Robot with human-like fingers solves a Rubik’s cube in three minutes after using artificial intelligence to improve
- The programme was taught reinforcement learning, practicing trial and error
- System developed by researchers who made AI that outplayed people at games
- The AI work on a points scoring system and tried to improve each time
A robotic hand with human-like fingers has solved a Rubik’s cube in around three minutes.
The machine, guided by artificial intelligence, is the first to have managed the feat without being designed specifically for the purpose and to have taught itself.
It is built in a way which means it could be used for other things and learnt through a trial-and-error technique known as reinforcement learning.
OpenAI taught AI to control the robotic hand which had been developed by the Shadow Robot Company.
The AI controlled robotic hand (pictured above) was able to solve the Rubik’s cube in three minutes
One of the researchers said that the process starts from the very beginning as the AI has to learn how to move the hand.
Peter Welinder said: ‘It starts from not knowing anything about how to move a hand or how a cube would react if you push on the sides or on the faces’, he told the New Scientist.
The AI then works on a points scoring system. Giving points to each successfully performed manoeuvre, such as flipping the cube around or rotating its face.
It was programmed to make sure it maximised its score each time.
The Rubik’s cube (pictured above) is a difficult puzzle for humans to solve and now a robot has done it with just one hand
Researchers said it had been challenging to fine tune the AI due to the number of simultaneous points of contact between hand and object which often goes into solving a Rubik’s cube.

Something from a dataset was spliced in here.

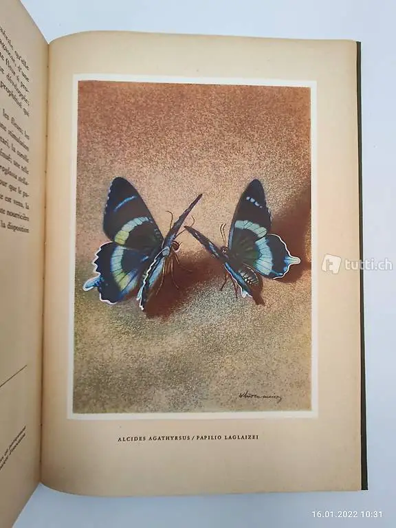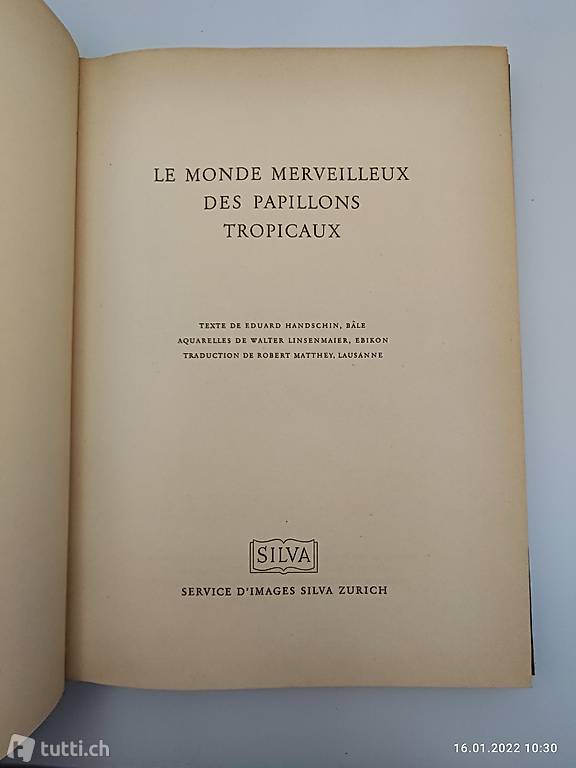 Linsenmaier, Walter - Handschin, Eduard. Le monde merveilleux des papillons tropicaux. Mit 48 montierten Tafeln nach Aquarellen von W. Linsemaier. Zürich, Service d'images silva, 1950. 30 x 21,5 cm. 102 S.Original-Leinen mit goldgeprägtem Rücken- und Deckeltitel. - MIT EIGENHÄNDIGER WIDMUNG VON WALTER LINSENMAIER AN PROF. DR. JACQUES DE BEAUMONT. - Ecken minimal bestossen; in den Rändern leicht gebräunt

The AI, however, was able to learn to correct mistakes, such as accidentally rotating the cube too much.
Just like a human, the time it took for the robot to solve the Rubik’s cube would depend on how jumbled it had been in the first place.
Mr Welinder added the best attempt by hand was around three minutes. A far cry from the 2018 record by Feliks Zemdegs who achieved 4.22 seconds, but was using two hands.
This is while the quickest with one hand was recorded at 9.42 seconds and was achieved by Max Park from the US.
The researchers hope that the hand could be further trained to do things like origami and other general tasks.
HOW DOES ARTIFICIAL INTELLIGENCE LEARN?
AI systems rely on artificial neural networks (ANNs), which try to simulate the way the brain works in order to learn.
ANNs can be trained to recognise patterns in information – including speech, text data, or visual images – and are the basis for a large number of the developments in AI over recent years.
Conventional AI uses input to ‘teach’ an algorithm about a particular subject by feeding it massive amounts of information.
AI systems rely on artificial neural networks (ANNs), which try to simulate the way the brain works in order to learn. ANNs can be trained to recognise patterns in information – including speech, text data, or visual images
Practical applications include Google’s language translation services, Facebook’s facial recognition software and Snapchat’s image altering live filters.
The process of inputting this data can be extremely time consuming, and is limited to one type of knowledge.
A new breed of ANNs called Adversarial Neural Networks pits the wits of two AI bots against each other, which allows them to learn from each other.
This approach is designed to speed up the process of learning, as well as refining the output created by AI systems.